Обдумывая на ходу деятельность матроса, Иван Егорович направился к себе в землянку немного передохнуть. По пути услышал он голос Лазарева. Саша пел свою любимую, с коленцами и подсвистыванием, песню:
Прощайте, глазки голубые,
Прощайте, русы волоса…
Здесь Александр засвистал кенарем. Локотков оглянулся: Саша шел к строящейся баньке и пел:
Прощайте, кудри навитые,
Прощай, любимый, навсегда…
«Даст же природа одному человеку!» — подумал Локотков даже с удивлением. От этого звонкого, дерзкого, как все в Лазареве, голоса у Ивана Егоровича повеселело на душе, поганые террористы с их медовыми покаяниями словно бы растаяли и совсем уже неожиданно пришло в голову: «Непременно надо этому Лазареву человеком войну окончить. Ему бочком-петушком проскочить никак нельзя. Невозможно ему по среднему счету!»
Сам же Лазарев в это время как ни в чем не бывало, выбритый, стройный, очень красивый, даже немножко слишком для партизана щеголеватый, явился к своей «артели напрасный труд», как он довольно метко их назвал, потому что лагерь вечно переезжал и плотники опять начинали все с самого начала, осведомился, почему-де не приветствуют, и закурил. Ребята рубили сруб для баньки, жала топоров посверкивали на лесном нежарком солнце.
— Работать надо с огоньком, — сказал Лазарев. — Так и видно по вас, что нестроевой взвод! До смешного!
— Иди ты знаешь куда! — сказал ему рыжий плотник. — Учитель отыскался. Мы красные партизаны, и про нас былинники речистые ведут рассказ, а ты…
— Я, между прочим, вполне могу в морду врезать! — посулил Лазарев.
Плотник бросил топор, выпрямился.
Другой, огромный, бородатый, закричал старческим тенором:
— Эй, вы, ополоумели?
Рыжего ударила припадочная дрожь, ничего не слыша, он рванулся на Лазарева, тот отпихнул его одной рукой, но не сильно и попросил:
— Не вяжись. Прости, если не так сказал. Ты в моей шкуре не был, не знаешь!

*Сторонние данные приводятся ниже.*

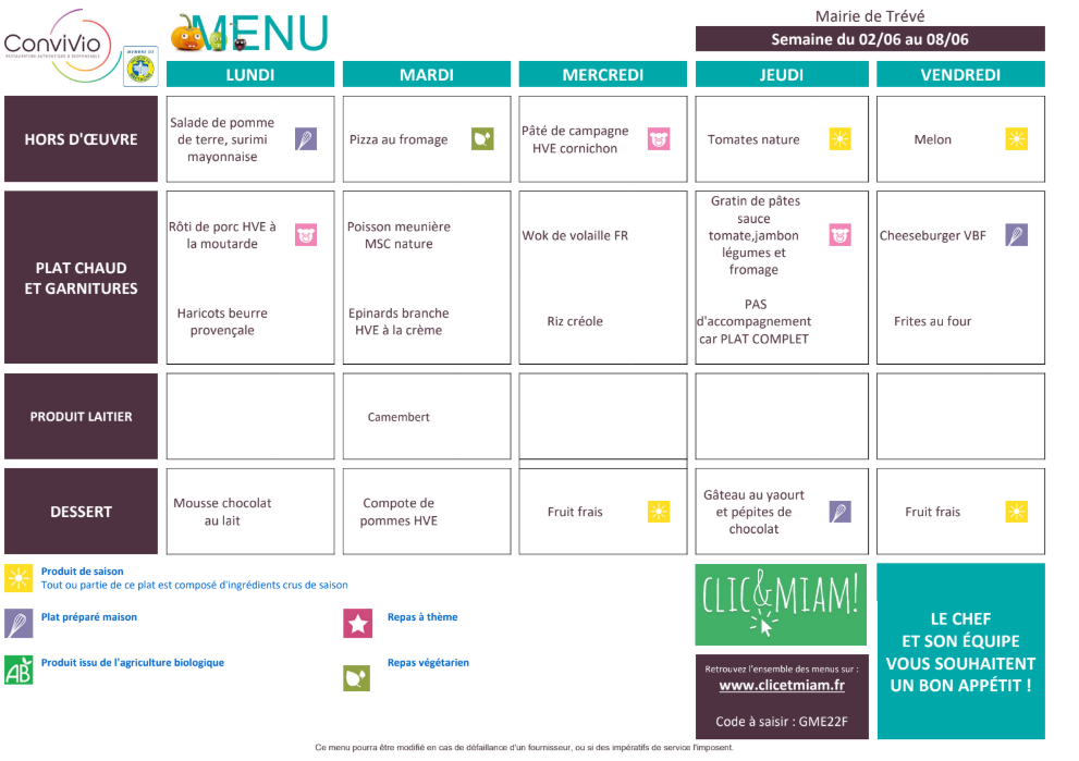 / Menu Cantine Trévé : semaine du 02 au 06 juin

Бородатый оттянул рыжего на себя, другие тоже ввязались, чтобы не проливать кровь. У рыжего фашисты спалили живьем всю семью, он не мог вдаваться ни в какие биографии. Лазарева же предупредили:
— Живи тише. На тебе печать, покуда не отмоешь — молчи в тряпочку.

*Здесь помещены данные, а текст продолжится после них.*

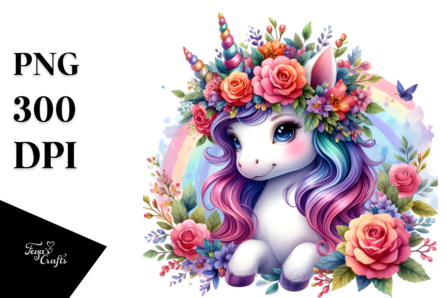 Cute Baby Unicorn with Floral Wreath PNG example image 1

— Это так, — согласился Лазарев, — я разве спорю? Про то и разговор. Обидно только бывает на свою судьбу. Моешь, моешь — никак не отстирать.

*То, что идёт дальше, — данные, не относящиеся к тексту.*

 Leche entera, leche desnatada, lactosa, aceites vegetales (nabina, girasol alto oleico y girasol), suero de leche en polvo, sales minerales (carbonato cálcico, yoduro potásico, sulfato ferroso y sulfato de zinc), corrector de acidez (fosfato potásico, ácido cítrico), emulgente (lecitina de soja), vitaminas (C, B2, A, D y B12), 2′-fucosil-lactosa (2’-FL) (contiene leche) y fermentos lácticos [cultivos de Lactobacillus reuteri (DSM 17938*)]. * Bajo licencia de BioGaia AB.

После замирения бородатый осведомился, за что Лазарев был подвергнут репрессии в виде ареста и содержания под стражей. Саша подумал и ответил: ввергли его в узилище за дело, позволил себе нарушить принятый тут порядок, так пусть же все видят на его печальном примере суровое предупреждение для себя. Хоть тут и партизаны, но дисциплина у них гвардейская, в чем Лазарев и убедился на собственной шкуре.